Post questions here relative to DataStage Server Edition for such areas as Server job design, DS Basic, Routines, Job Sequences, etc.

Moderators: chulett, rschirm, roy

Post Reply
ewartpm
Participant
Posts: 97
Joined: Wed Jun 25, 2003 2:15 am
Location: South Africa
Contact:

Distributed Hash Files

Post by ewartpm »

Hi Guys

I have created a job that creates 10 hash files. Each hash file will be incorporated into a distributed hash file. The average number of rows in each hash file is 6 million. The hash file has 4 columns that make up the key, the constraint in the job is based on the value in only one of the hash file key columns.

When I create the distributributed hash file, I use the INTERNAL option and use @ID e.g.

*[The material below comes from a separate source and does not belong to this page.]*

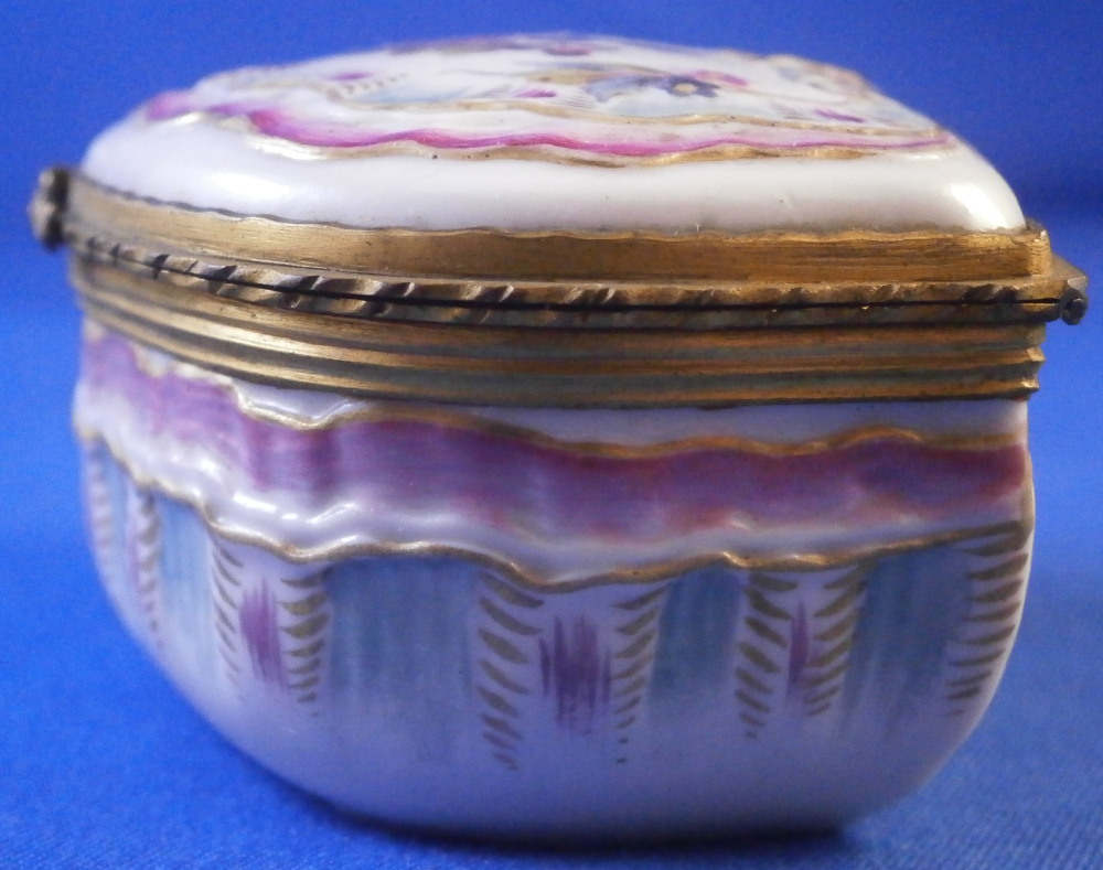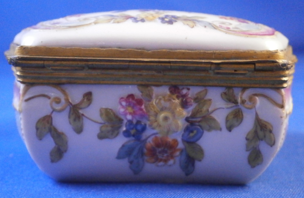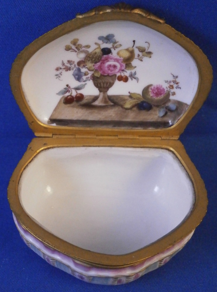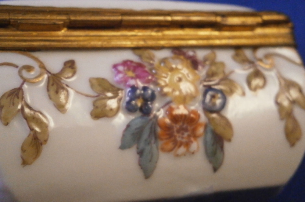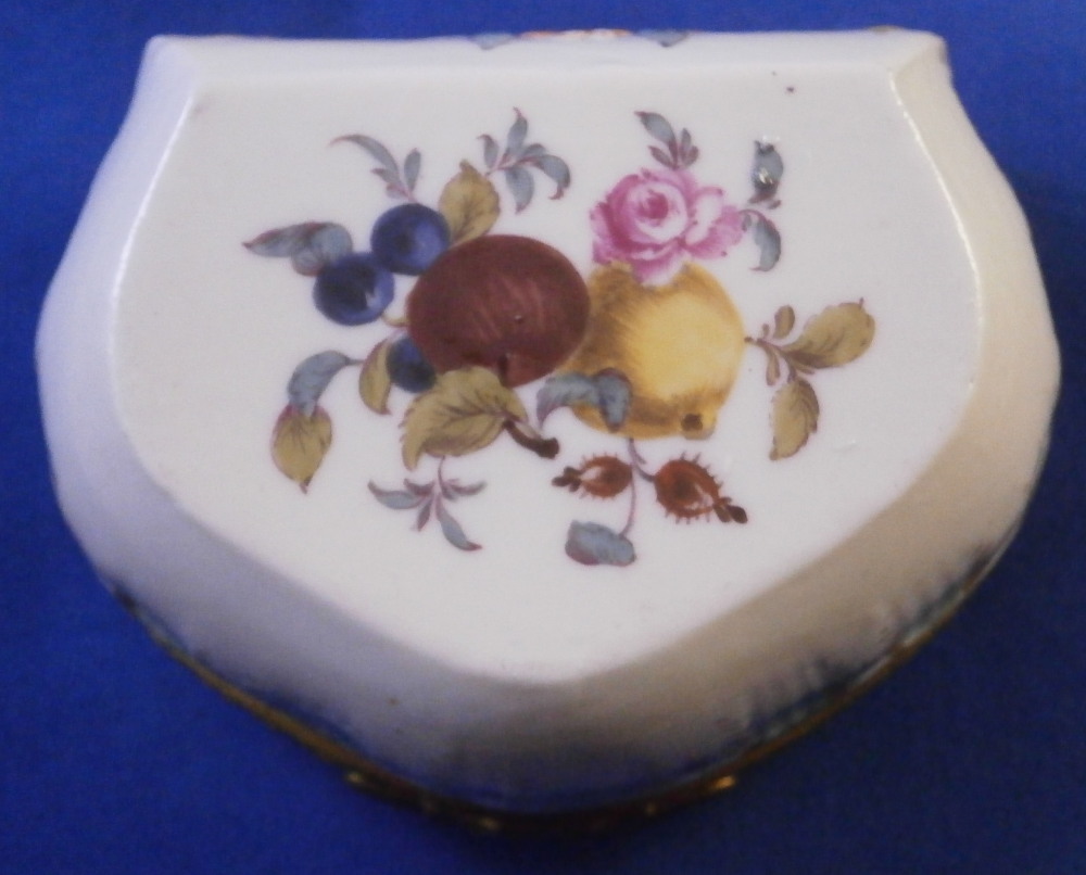 This is a really nice snuff / patch / pill / trinket box made in Germany in the early 19th century I believe. I have not been able to pinpoint an exact maker but the piece is of a really nice quality. The box has a nice shape to it with a relief "shell" design to the top and sides, a relief floral design to the back of the top as well as the back side and a hand painted floral and fruit arrangement to the top and bottom. The inside lid has a really nice flower vase sitting on a table with some fruit strew across the table hand painted on it. The quality could very well be by the top German maker but I could not find this exact shape anywhere so for now it is unknown. The mounts seem to be brass and are in great shape plus it closes perfectly and stays shut. Unmarked which is normal and of no help. The snuff box is about 1.375 inches tall, 2.625 inches wide and 2.125 inches deep. A really nice looking piece! Please email me for more information or photos.
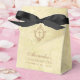 A vintage religious confirmation favor box that looks like old paper (parchment). The flap has a brown crest with a cross in it.

INTERNAL "IF @ID >= 4000000 AND @ID < 8000000 then 1 ELSE 2"

Seeing that @ID is the whole key in the hash file, I'm not sure this will work when trying to do a lookup against the distributed hash file because the job that creates the hash files uses only a part of the hash file key. :?

How does the SYSTEM option work when creating a distributed hash file? Will this perhaps solve my problem?

Any suggestions on how to create a distributed hash file when the hash file has more than one column as the key?
WoMaWil
Participant
Posts: 482
Joined: Thu Mar 13, 2003 7:17 am
Location: Amsterdam

Post by WoMaWil »

Distributed Hash File is:

you fill several hashfiles with same metadata structure.
you build a "master" file, which joins all the hashfiles as one.

And yes, the keys have to be completly different.

You can get those keys for example by using the @inrownumber or the @outrownumber and concatinate 1 or 2 or 3 or 4 ....0 to the end.

or you know that you have max 10^11 rows so you can add 1*10^13, 2*10^13 ..... 0*10^13 to each inrownumber for to get single keys,

Kind regards
Wolfgang
ray.wurlod
Participant
Posts: 54607
Joined: Wed Oct 23, 2002 10:52 pm
Location: Sydney, Australia
Contact:

Post by ray.wurlod »

If you have 10 hashed files (with identical record structure and some characteristic of the key that consistently identifies a part file) then you can construct a Distributed file. However, your partitioning algorithm only specifies a two part Distributed file. Which do you want; two or 10 parts?

Imagine for a moment that the rightmost character of @ID (which is the entire key including separator characters (@TM by default)) is a numeric character; thus its domain is the digits "0" through "9". Assuming this gives a reasonably flat spread (which you can test with queries), then you can define a Distributed file on that basis. Let us further assume that the ten hashed files share the one dictionary (D_HF) and are called HF01 through HF10.

Code: Select all

DEFINE.DF DATA DistFile ADDING     _
     HF01  1                       _
     HF02  2                       _
     HF03  3                       _
     HF04  4                       _
     HF05  5                       _
     HF06  6                       _
     HF07  7                       _
     HF08  8                       _
     HF09  9                       _
     HF10 10                       _
INTERNAL "IF NUM(@ID[1]) THEN @ID[1] ELSE 0"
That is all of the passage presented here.